Fortín de las Flores
|Fortín de las Flores|
|Established||Late 18th century|
|Town status||15 July 1955|
|City status||12 November 1959|
|Elevation||1,000 m (3,000 ft)|
|• Metro||53,311 (municip.)|
|Time zone||CST (UTC-6)|
|• Summer (DST)||CDT (UTC-7)|
Fortín de las Flores is a city in the Mexican state of Veracruz. Fortín de las Flores is the municipal seat of Fortín municipality, which borders on the municipalities of Córdoba, Naranjal and Ixtaczoquitlán. It stands on Federal Highways 190 and 180 and the Mexico City to Veracruz railway.
In the 2005 INEGI Census, the city reported a total population of 18,965, with 53,311 in the surrounding municipality.
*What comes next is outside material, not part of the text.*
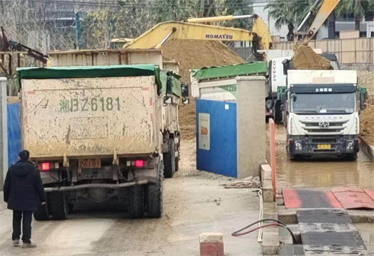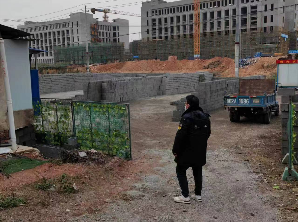 ▲天元分局执法人员现场检查工地环保工作开展情况
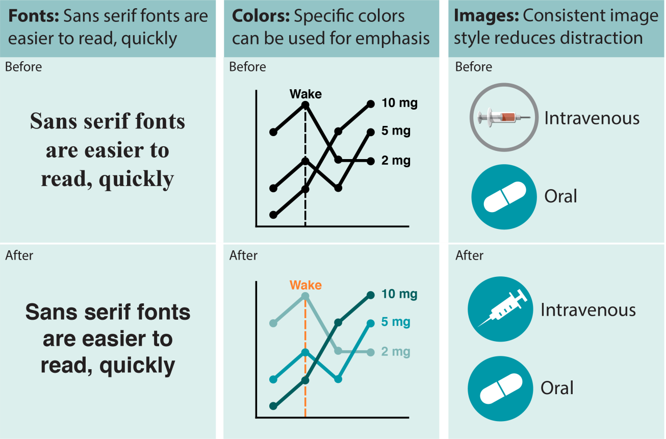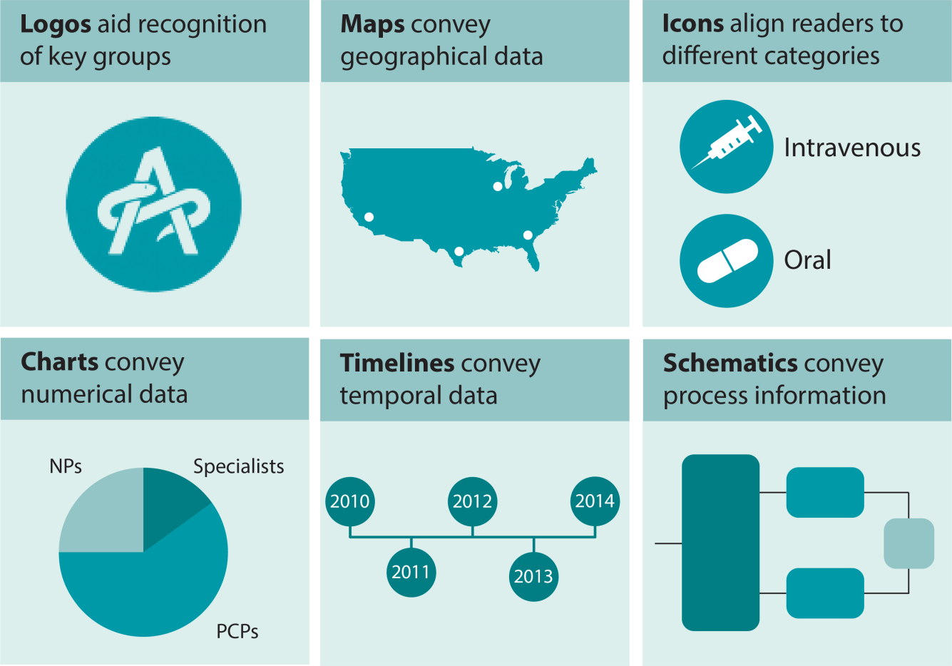 Multiple studies (Verdi et al ,1997; Patton, 1991) over many years have pointed to the effectiveness of the use of visuals in learning and retention. Of note, the use of illustrations or graphics presented together with short pieces of text are found to be most effective in learning. In the third step of our process, we consider which types of visuals are optimal in the delivery of our information. Visuals should aid, and not deter, from the information being presented. Specifically, if you were to remove any text accompanying the visual, the reader should still be able to get a sense of the information being conveyed.

The ravine of Metlac, which has been declared a National Park on account of its extremely rich biodiversity and beautiful landscapes, is the most famous feature of Fortín de las Flores.
Travelers driving to the city of Veracruz from Mexico City pass through the colonial towns of Orizaba, Fortin de las Flores, and Cordoba. Orizaba is nestled under the snow-capped volcano Pico de Orizaba, the third-highest peak in North America at 18,491 feet, and Mexico’s highest. In Fortin de las Flores, the next stop on the journey, “flowers” form part of its name and much of its landscape. The small, industrial city of Cordoba is located about 10 minutes from Fortin.
The town’s central plaza where Mexico’s Declaration of Independence was signed offers a nice place to enjoy a sip of coffee, beer or rum, all products of local industry in this coffee and sugar growing region. From here travelers descend through sugar cane fields on their way to Veracruz and its fast-growing neighbor turned suburb Boca del Rio.
There are several 45-minute flights a day from Mexico City. By car or bus, the drive passes through the state of Puebla and across the formidable Cumbres de Maltrata Mountains down into the lush vegetation that characterizes just about the entire state. The drive from Mexico City to the port city of Veracruz takes under five hours on a toll road that has garnered a good rating from the American Automobile Association (AAA). Drivers should be aware that just outside Veracruz the return highway is at an 8,000-foot elevation and often enveloped in thick fog, making driving this stretch a challenge.